Video Card Comparison - GPUReview.com

You can't directly compare the two cards and their amount of cores since AMD splits their cores into 3 operations and NVIDIA uses unified cores


----------



## MarkNAndrews (Mar 29, 2012)

*Re: Compatible Graphics Card for Intel DG31PR*

Oh Thanks McNinja for guidance,

HD6570 is much better than others in the same budget.


I want to know about PCI & PCI-E x16. Can I have the difference??

Regards,


----------



## Tyree (May 10, 2009)

*Re: Compatible Graphics Card for Intel DG31PR*

You want the PCI-E x16


----------



## McNinja (Jun 22, 2008)

*Re: Compatible Graphics Card for Intel DG31PR*

PCI max capcity according to wikipedia is:

https://en.wikipedia.org/wiki/Conventional_PCI


> 133 MB/s (32-bit at 33 MHz)
> 266 MB/s (32-bit at 66 MHz or 64-bit at 33 MHz)
> 533 MB/s (64-bit at 66 MHz)


PCI-E for current speeds are thus: (PCI-E 4.0 is not out yet and cards are not even able to to saturate the PCI-E 2.0 spec yet.)

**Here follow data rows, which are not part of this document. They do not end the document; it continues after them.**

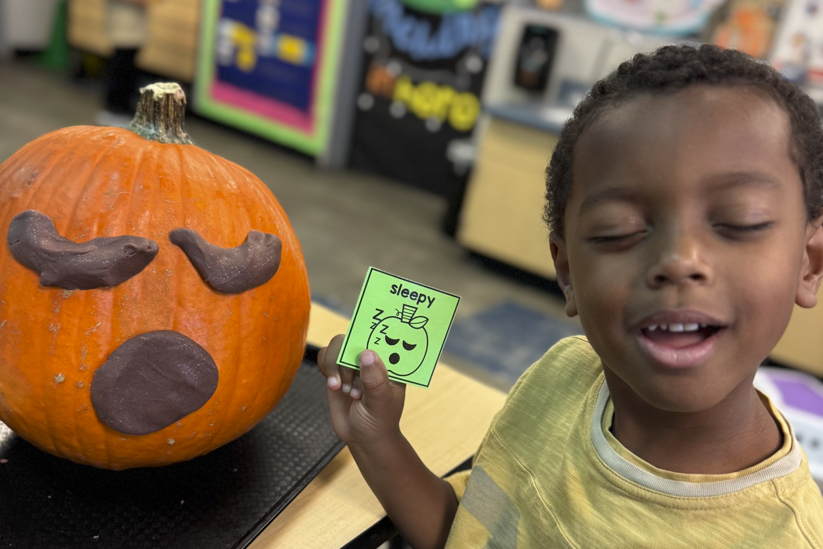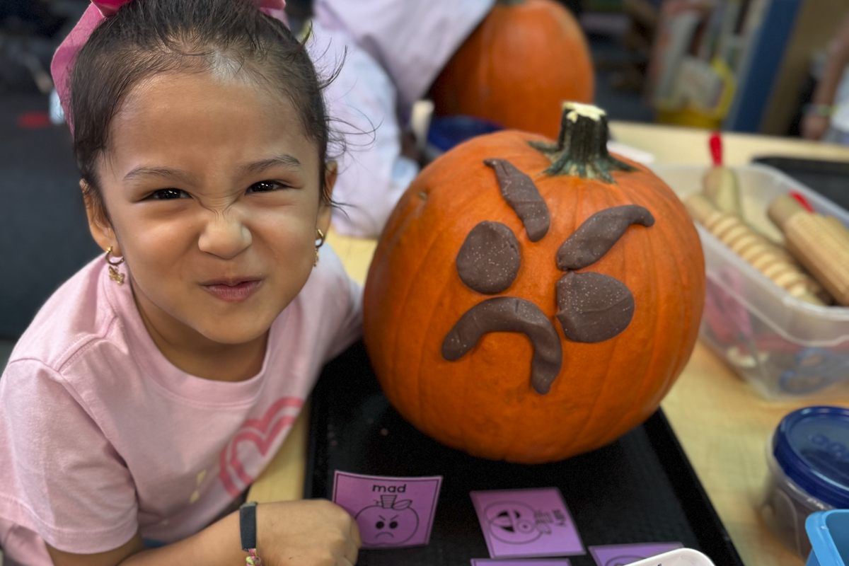 At Van Buren Elementary School, students in Mrs. Zunigabravo’s Transitional Kindergarten class began the month of October with engaging, hands-on activities centered around the themes of fall and the Halloween season. Using playdough, students explored emotional expression by designing a variety of faces on real pumpkins. This creative exercise not only encouraged imaginative play but also supported fine motor skill development and social-emotional learning as students identified and named emotions such as happiness, anger, excitement, tiredness, and surprise.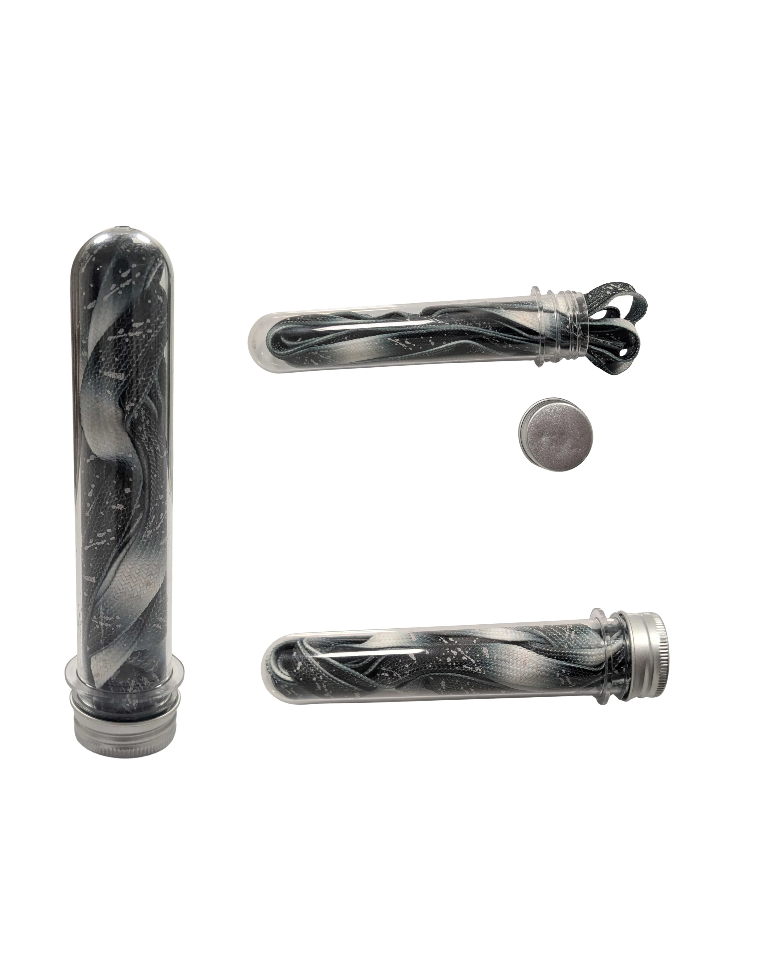 Step into style with these Tubelaces featuring a black and white galaxy-inspired gradient. With a mix of dark tones and star-like speckles, these shoelaces add a futuristic edge to your sneakers. Made from durable woven fabric and packaged in the signature Tubelaces tube, they’re perfect for sneakerheads who want to stand out.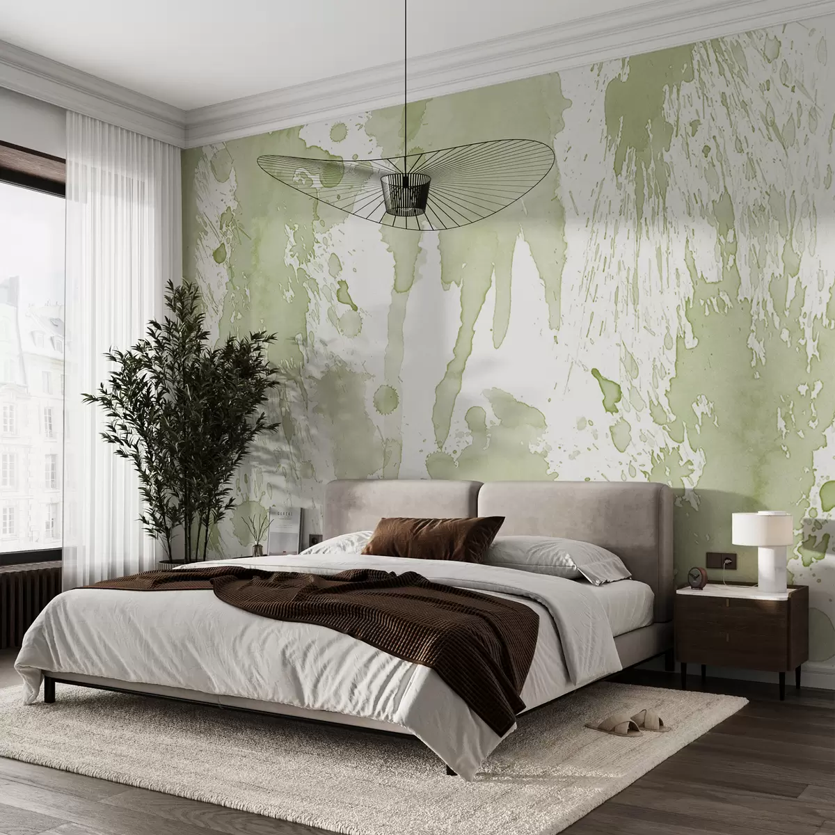 Тапете за зид Прскање акварела, апстракција цртежа бојом, зелена боја бр. w01285

https://en.wikipedia.org/wiki/PCI_Express


> Per lane (each direction):
> 
> v1.x: 250 MB/s (2.5 GT/s)
> v2.x: 500 MB/s (5 GT/s)
> ...


That's with current PCI-E 3.0 lanes (16 per slot) at 985 mb/s.

https://en.wikipedia.org/wiki/PCI_Express


> 16 lane slot (each direction):
> 
> v1.x: 4 GB/s (40 GT/s)
> v2.x: 8 GB/s (80 GT/s)
> ...


As you can see PCI-E far outstrips PCI bandwidth by a giant margin.


----------



## MarkNAndrews (Mar 29, 2012)

*Re: Compatible Graphics Card for Intel DG31PR*

Thanks for the help guys. Marking as solved.

Regards,
Mark


----------



## Tyree (May 10, 2009)

You're welcome and best of luck.


----------